** Data to use follows **
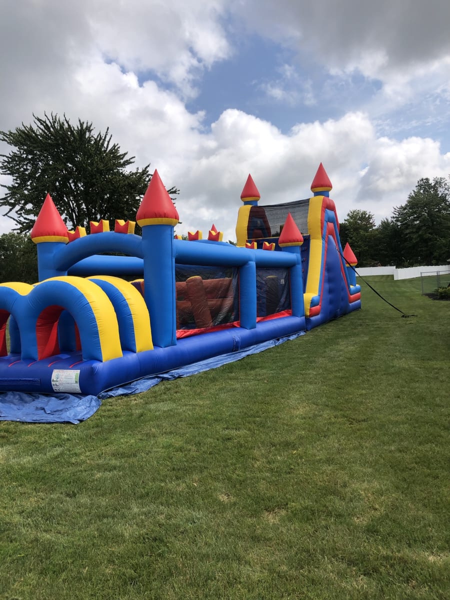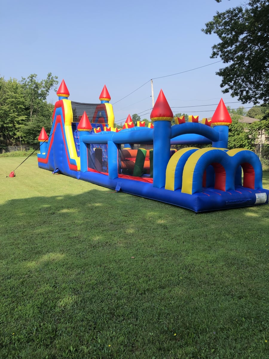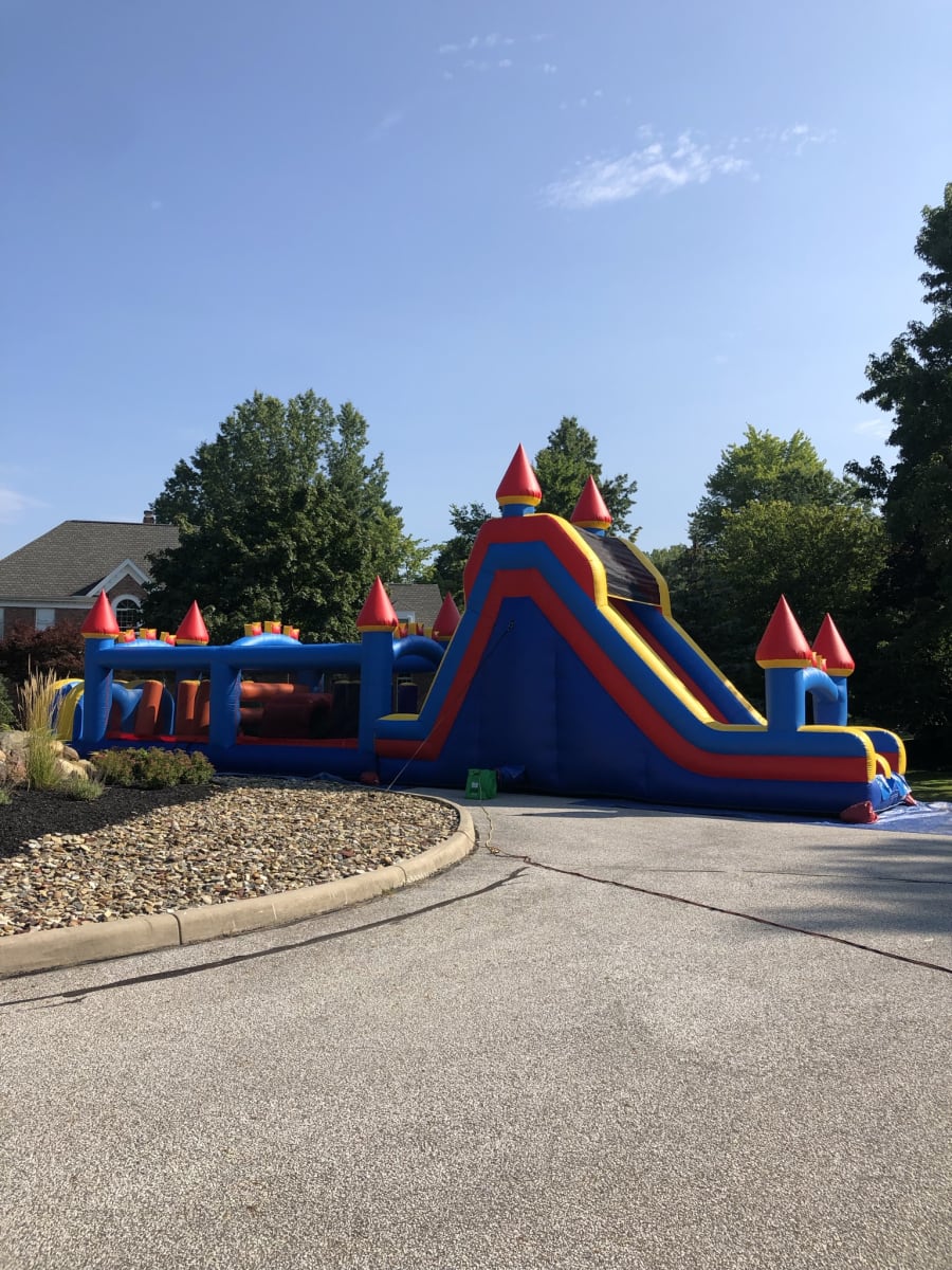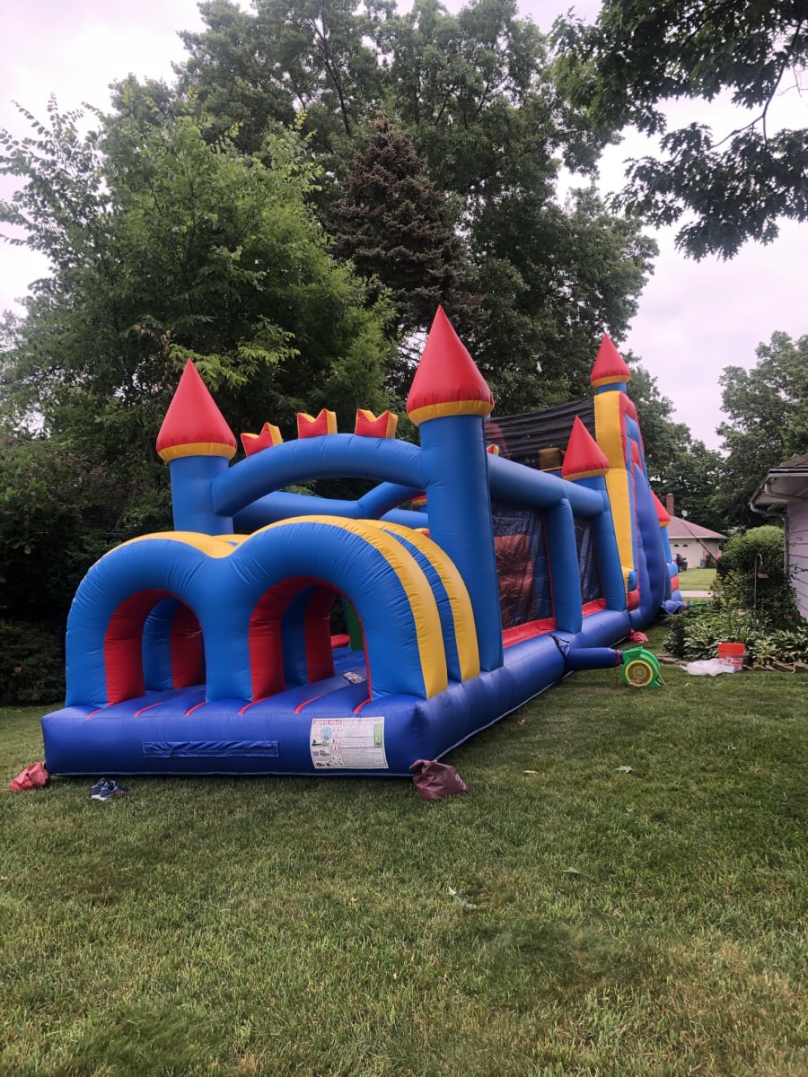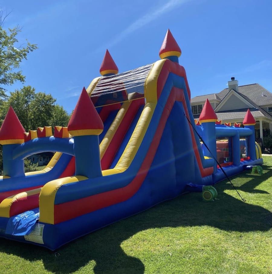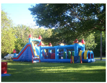 This ride is a 60 foot long maze of fun with a beautiful design that is sure to attract any passerby. The Castle Course is an eye-catching piece that does not skimp on any of the fun and challenges. Its entrance welcomes each participant into his lane through an arching tunnel that gives way to a series of pop up obstacles to push past. Once through, the challengers must pass a pair of horizontal hurdles then dive into and crawl through a tunnel. After exiting the tunnel, the participants push through another set of pop ups before enjoying an 11 foot wall climb and slide down the end of the Castle Course. L60' x 12.6' x H18' 800LB
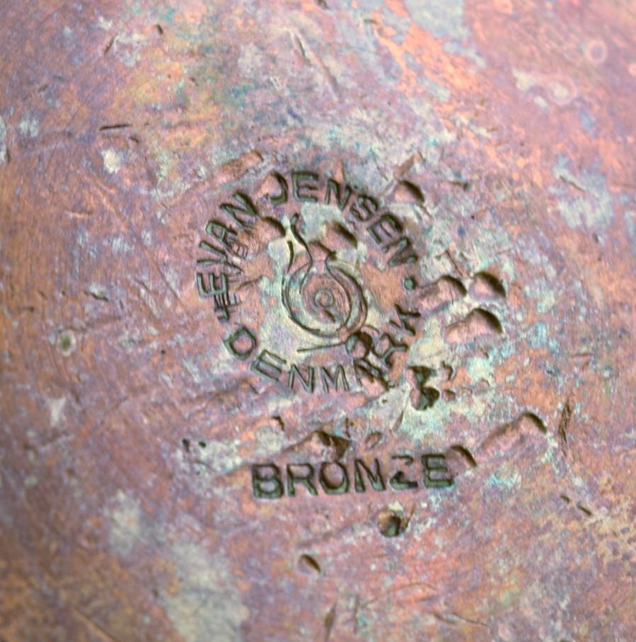 Evan Jensen, Danmark. Art deco skål i bronze med springende buk. 1940'erne.
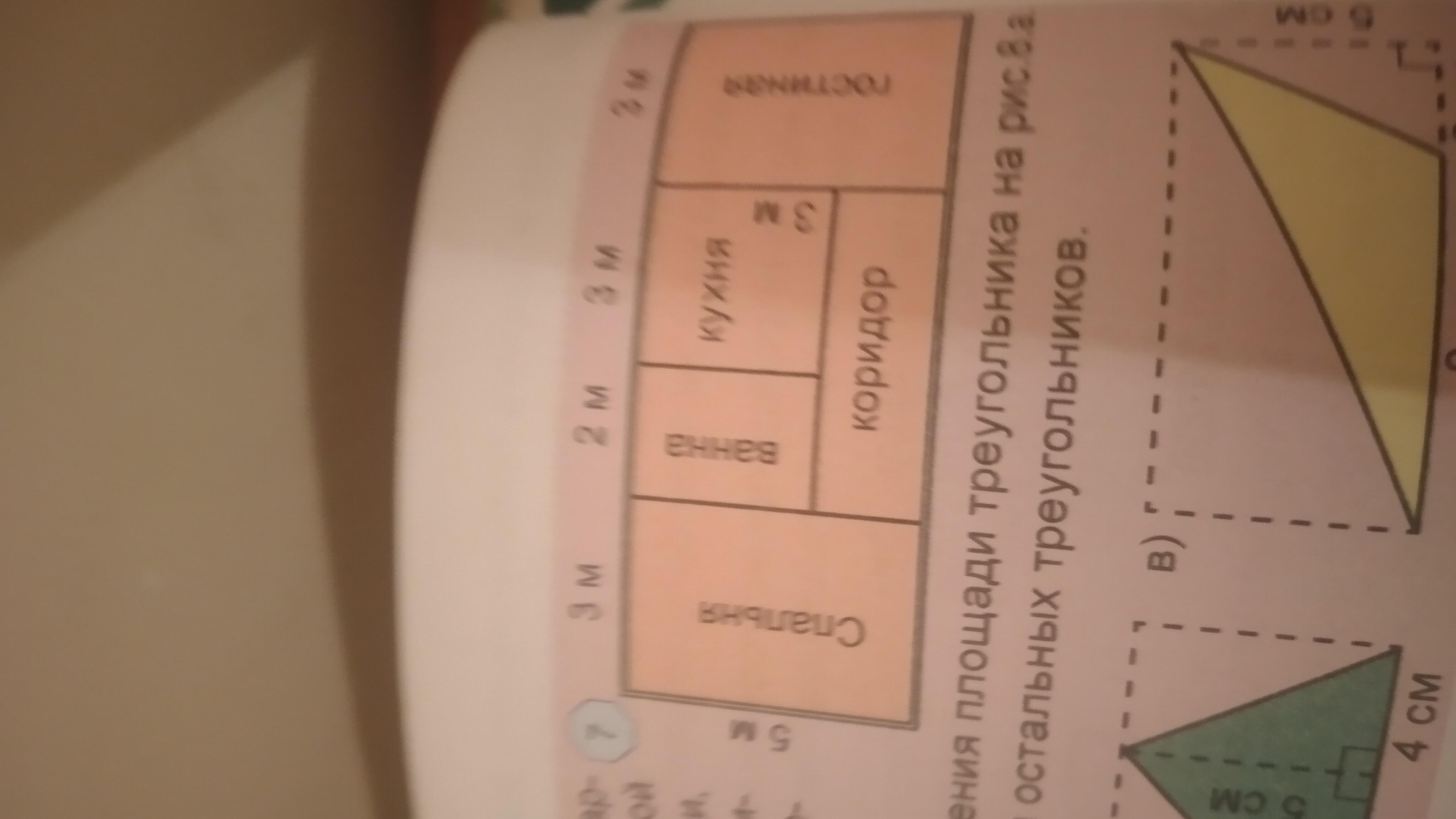 На рис.7 изображен план квартиры. Нацдите площадь каждой комнаты. Сложив эти площади, нацдите площадь всей квартиры. Как еще можно нацти площадь?
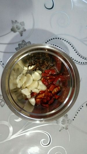 锅中放油把这些爆香,然后把花椒辣椒捞起待用,大蒜留锅内
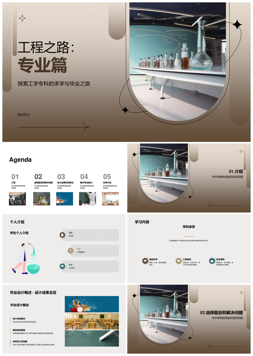 风云办公提供的工学专科生毕业答辩与学术演讲PPT模板,下载格式为pptx,一共23页,作品中文字及图均可以修改和编辑,图片更改请在作品中右键图片并更换,文字修改请直接点击文字进行修改。
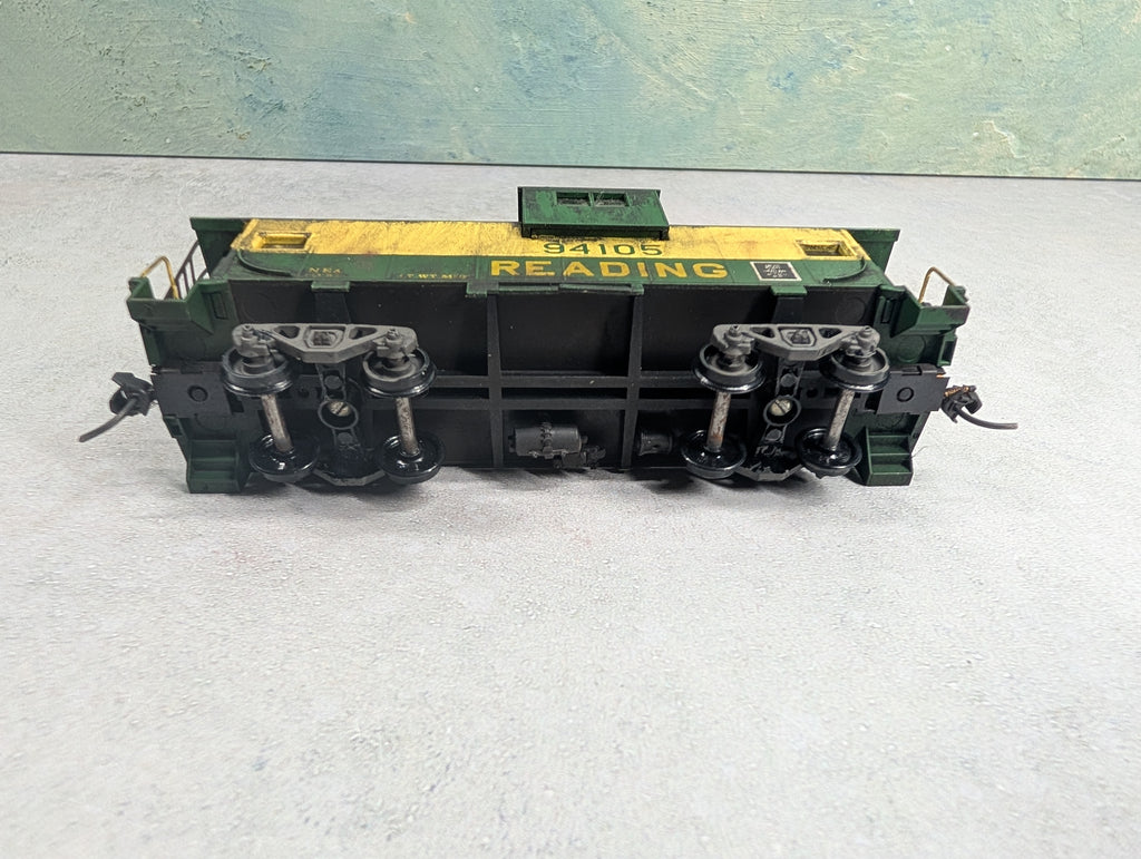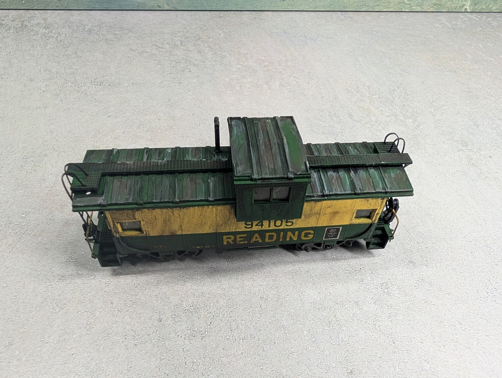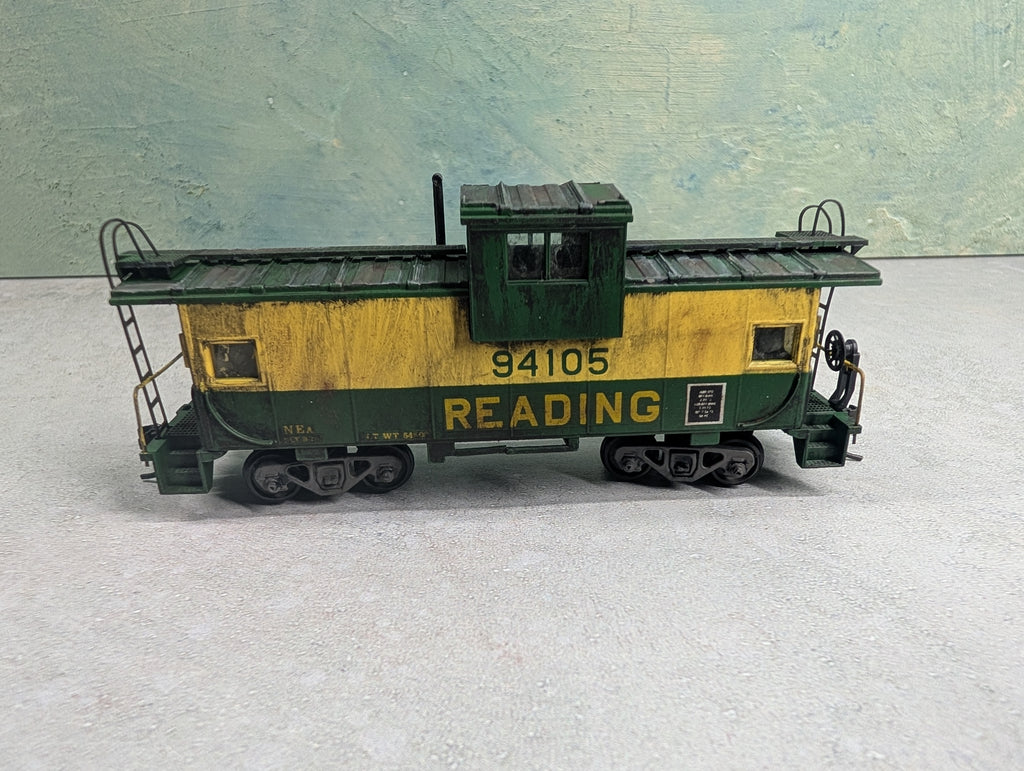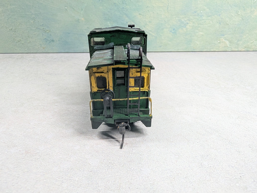 Has knuckle couplers. The weathering looks great. Missing some window panes. Some paint wear/scratches/scuffs. Might require some light cleaning.
** End of Data to use **
= Work item =
Each line from the start of the listing above through the line with "风云办公提供的工学专科生毕业" is what to output, exactly as written and without pictures.

= Finished task =
 This ride is a 60 foot long maze of fun with a beautiful design that is sure to attract any passerby. The Castle Course is an eye-catching piece that does not skimp on any of the fun and challenges. Its entrance welcomes each participant into his lane through an arching tunnel that gives way to a series of pop up obstacles to push past. Once through, the challengers must pass a pair of horizontal hurdles then dive into and crawl through a tunnel. After exiting the tunnel, the participants push through another set of pop ups before enjoying an 11 foot wall climb and slide down the end of the Castle Course. L60' x 12.6' x H18' 800LB
 Evan Jensen, Danmark. Art deco skål i bronze med springende buk. 1940'erne.
 На рис.7 изображен план квартиры. Нацдите площадь каждой комнаты. Сложив эти площади, нацдите площадь всей квартиры. Как еще можно нацти площадь?
 锅中放油把这些爆香,然后把花椒辣椒捞起待用,大蒜留锅内
 风云办公提供的工学专科生毕业答辩与学术演讲PPT模板,下载格式为pptx,一共23页,作品中文字及图均可以修改和编辑,图片更改请在作品中右键图片并更换,文字修改请直接点击文字进行修改。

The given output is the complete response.